The metabolic urine test core platform disclosed herein has been designed to overcome limitations of using tests in home settings or large-scale, pre-clinical screening efforts. When adapted to specific groups of individuals, the systems and methods for health monitoring herein detect early changes in broad metabolic measures before blood tests such as HBA1c, would indicate a specific abnormal result, effectively functioning as an early assessment and not a diagnostic. The non-invasive nature of the test panels, configured for use with urine samples, may encourage more compliance among voluntary participants, as opposed to blood draws or finger sticks for workplace wellness screening programs and elsewhere. In the systems and methods herein, data are processed to display results at an informational level on-site and in real-time on a smartphone, tablet or laptop. Census data is also available to the test sponsor and/or insurer. For workplace wellness use, the systems and methods adapted herein for the workplace worker capture data and create a HIPAA-compliant record, automating health risk assessments. Further, the systems and methods are compatible with most medical records applications, thus minimizing clerical costs associated with charting test results.
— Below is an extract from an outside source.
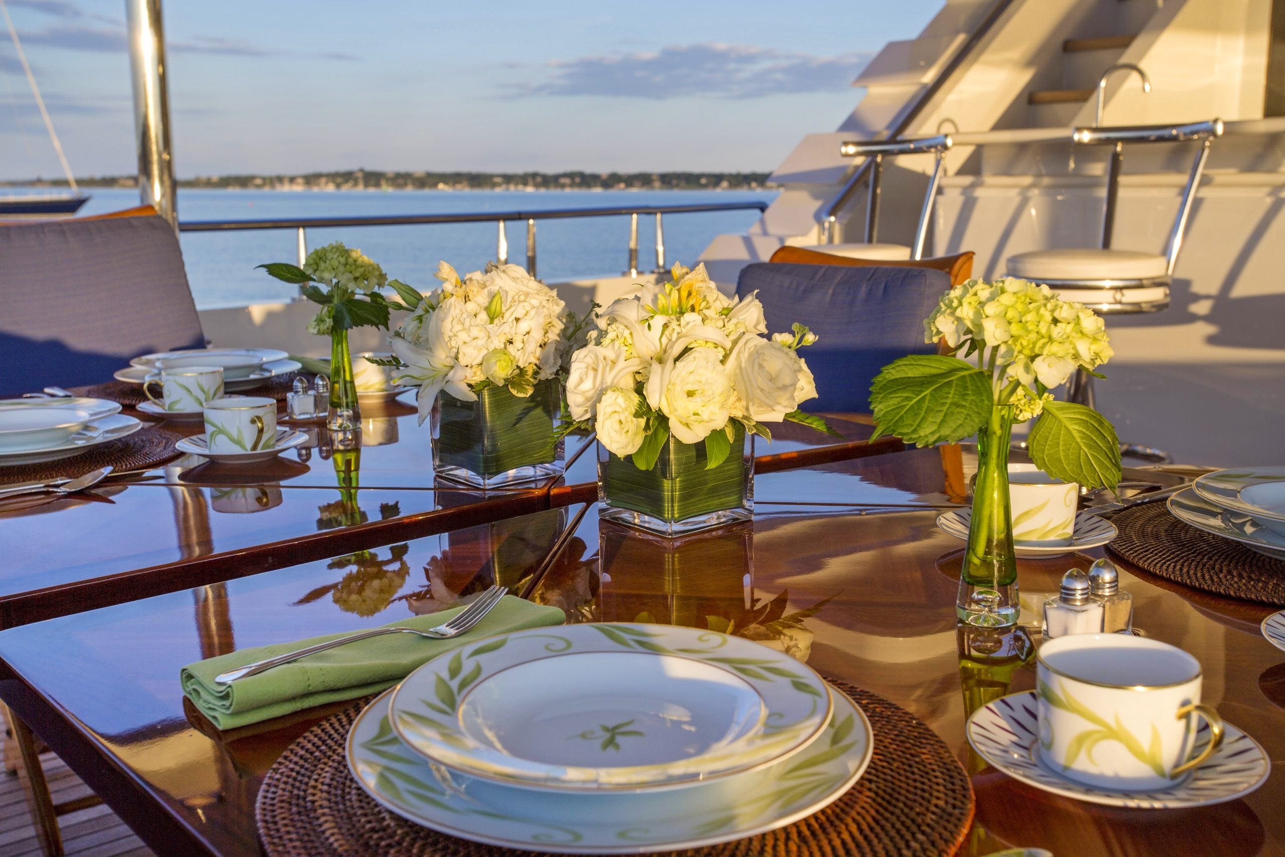 NOTABLE FEATURES for XOXO: Spacious decks ideal for chartering ~ Two alfresco dining options ~ Perfect for socializing with 3 cocktail bars ~ Large salon ~ Private dining room ~ Full beam master stateroom ~ Plenty of water toys ~ Wifi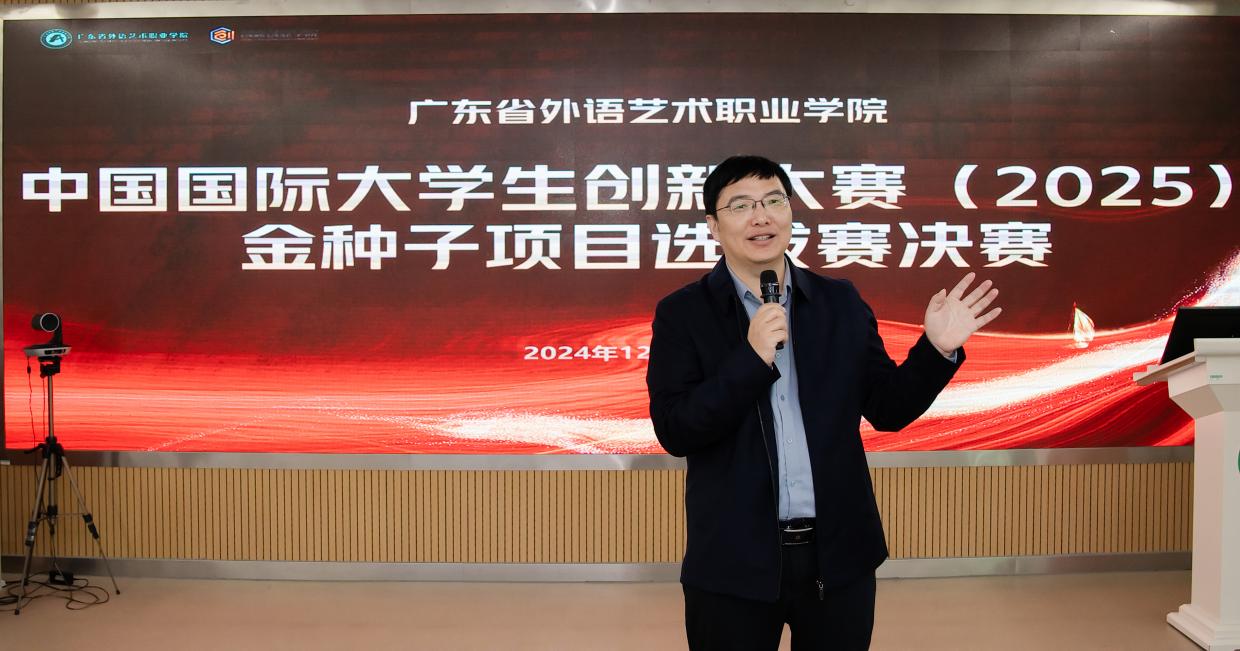 为贯彻党的二十大精神,深入实施习近平总书记关于教育的重要论述以及给中国国际大学生创新大赛的重要回信精神。我校于12月2日在五山校区综合楼705智慧课室隆重举行了金鼎娱乐最新官方网址首届中国国际大学生创新大赛(2025)金种子项目选拔赛决赛。学校党委副书记黄泽瑜亲临现场致辞,国赛评审专家、创新创业学院执行副院长罗光晔及参赛团队师生100余人参加了本次活动。

For at-home personal use, the systems and methods herein allow individuals to monitor the benefits of their diet, exercise and supplementation regimen by providing information in the form of oxidative stress, inflammation, hydration and ketone levels through an easy to interpret algorithm and attractive graphics. For the health-conscious, this represents a new level of engagement in their quest for optimal health and longevity.


The systems and methods disclosed herein represent a significant departure from traditional clinical diagnosis, which seeks to diagnose diseases. The focus of the systems and methods herein is to assess, non-invasively, how healthy an individual is by monitoring various combinations of biomarkers relevant to the health of individuals in certain groups of individuals. In various embodiments, three factors may be monitored, two of which are directly related to risk of disease (oxidative damage and inflammation) and one (antioxidant activity) which is inversely related to the risks of chronic diseases such as cancer, CVD, neurodegeneration, among others. A test panel comprised of assays for one or more urinary biomarkers relevant to all three of these factors has not been previously disclosed, nor has a test panel comprised of assays for biomarkers for these conditions been combined previously with other information, such as body mass index calculations and/or an individual's lifestyle.


Oxidative stress and chronic inflammation have been extensively investigated and widely accepted as major, underlying factors in a range of human pathology that includes cardiovascular disease, diabetes, stroke, and cancer. Awareness of the effects that lifestyle choices may be having on disease development can help mitigate pre-conditions favorable to the onset of disease and impairment. The core platform is adapted to systems and methods of health monitoring that further comprise simple, inexpensive, pre-clinical screening tests to detect the oxidation/inflammation process at both the earliest and later stages to help individuals make healthy lifestyle choices, and from a prevention perspective, to allow providers and insurers to better gauge health risk within a largely asymptomatic group, such as employees, retiree pools, or government dependents.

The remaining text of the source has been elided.